— Directions for this task —
Please output the listing exactly as it stands, but omit any images.

Material provided section start

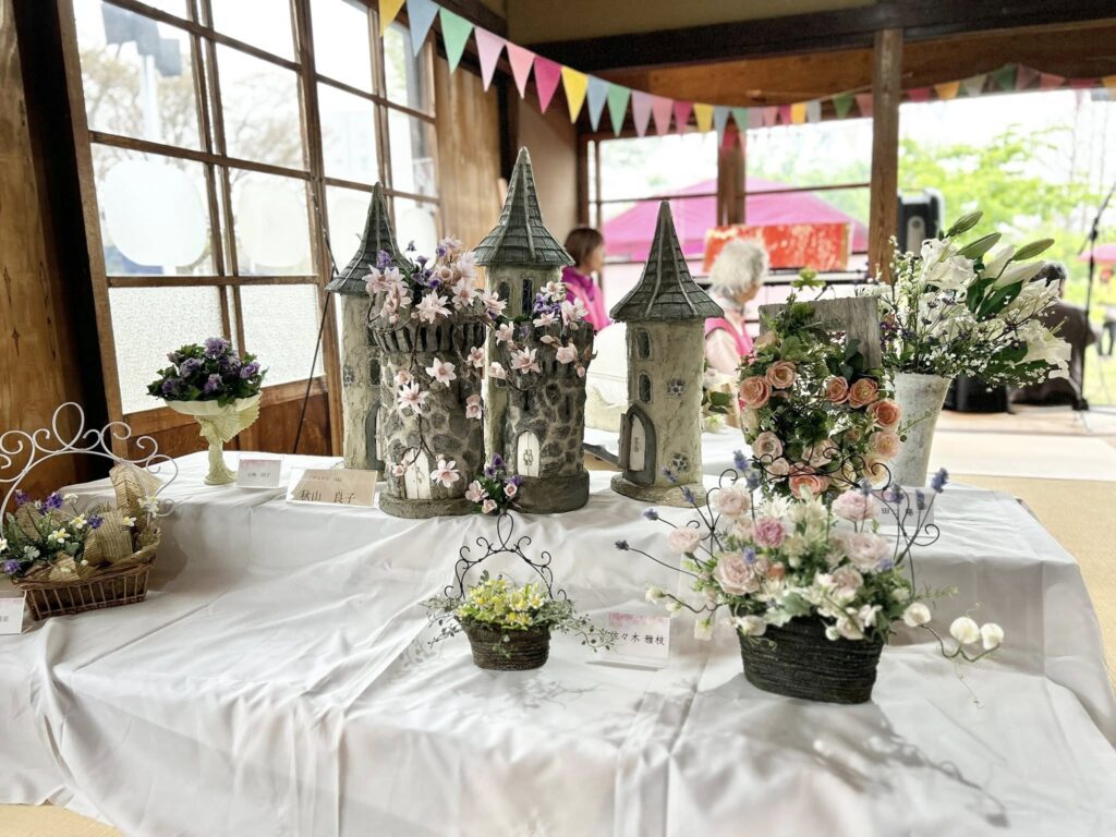 雨が降ったりやんだりとあいにくのお天気でしたが、音楽ステージのプログラムも開催され、古民家内でのパンフラワーはじめ多くの作品が展示。昔遊びコーナーでは、メンコやベーゴマを楽しみました。
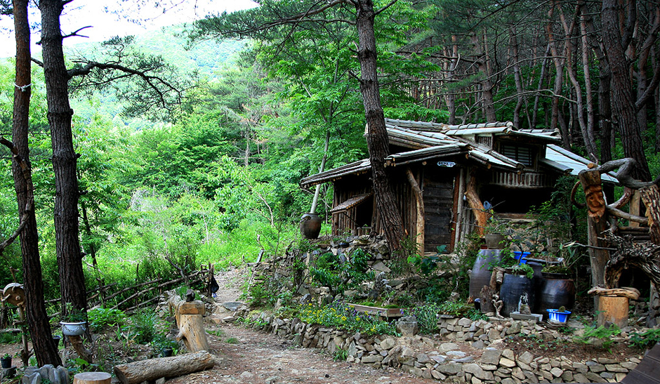 단양팔경 중 네 곳의 경승지가 나란히 붙어 있는 선암계곡 아래 쪽 산 위에 있는 이색 레스토랑 겸 카페다. 숲속의 휴식은 우선 외관이 아주 독특하다. 굵고 긴 통나무 수십 그루를 60도 각도로 끝이 서로 맞닿게 빙 둘러 세우고 그 사이를 유리로 치장을 했다. 안에 들어가면 창을 빙둘러 탁자가 놓여있고 천장이 겨우 올려다보일 정도로 높고 시원하다. 연인끼리 찾아간다면 분위기만으로도 밥값은 하고 나오는 곳. 이 집의 주메뉴는 산채요리. 도락산과 황정산 자락에서 채취한 나물로 비빔밥과 반찬을 해 낸다. 여기에 한식과 어울리지 않을 듯한 와인도 무척 잘 어울린다. 나물을 싫어하는 아이들을 위해서는 직접 만든 돈까스도 마련되어 있다.
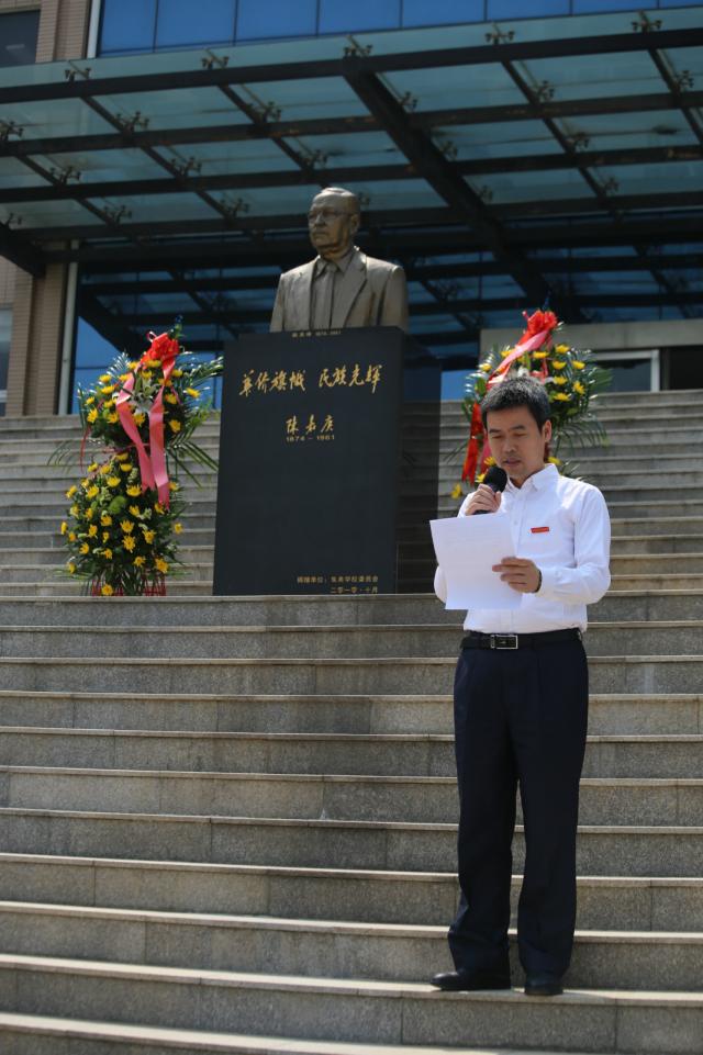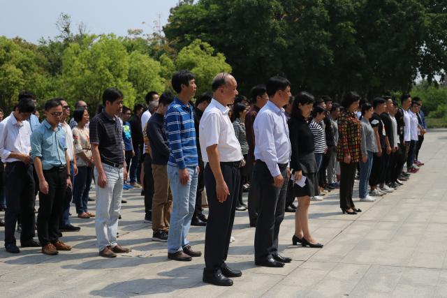 在传统节日清明节来临之际,院党委书记陈苏丽、院长昌萍、党委副书记汤忠民、副院长余云翼、副院长孙学耕与各系各部门师生代表100余人在翔安校区嘉庚雕像前,共同祭扫校主嘉庚先生并敬献花篮。整个祭扫仪式简短而庄重,师生们在校主铜像前列队、默哀、三鞠躬,最后绕像一圈。仪式由汤忠民主持。

Material provided section end

— Problem solution —
 雨が降ったりやんだりとあいにくのお天気でしたが、音楽ステージのプログラムも開催され、古民家内でのパンフラワーはじめ多くの作品が展示。昔遊びコーナーでは、メンコやベーゴマを楽しみました。
 단양팔경 중 네 곳의 경승지가 나란히 붙어 있는 선암계곡 아래 쪽 산 위에 있는 이색 레스토랑 겸 카페다. 숲속의 휴식은 우선 외관이 아주 독특하다. 굵고 긴 통나무 수십 그루를 60도 각도로 끝이 서로 맞닿게 빙 둘러 세우고 그 사이를 유리로 치장을 했다. 안에 들어가면 창을 빙둘러 탁자가 놓여있고 천장이 겨우 올려다보일 정도로 높고 시원하다. 연인끼리 찾아간다면 분위기만으로도 밥값은 하고 나오는 곳. 이 집의 주메뉴는 산채요리. 도락산과 황정산 자락에서 채취한 나물로 비빔밥과 반찬을 해 낸다. 여기에 한식과 어울리지 않을 듯한 와인도 무척 잘 어울린다. 나물을 싫어하는 아이들을 위해서는 직접 만든 돈까스도 마련되어 있다.
 在传统节日清明节来临之际,院党委书记陈苏丽、院长昌萍、党委副书记汤忠民、副院长余云翼、副院长孙学耕与各系各部门师生代表100余人在翔安校区嘉庚雕像前,共同祭扫校主嘉庚先生并敬献花篮。整个祭扫仪式简短而庄重,师生们在校主铜像前列队、默哀、三鞠躬,最后绕像一圈。仪式由汤忠民主持。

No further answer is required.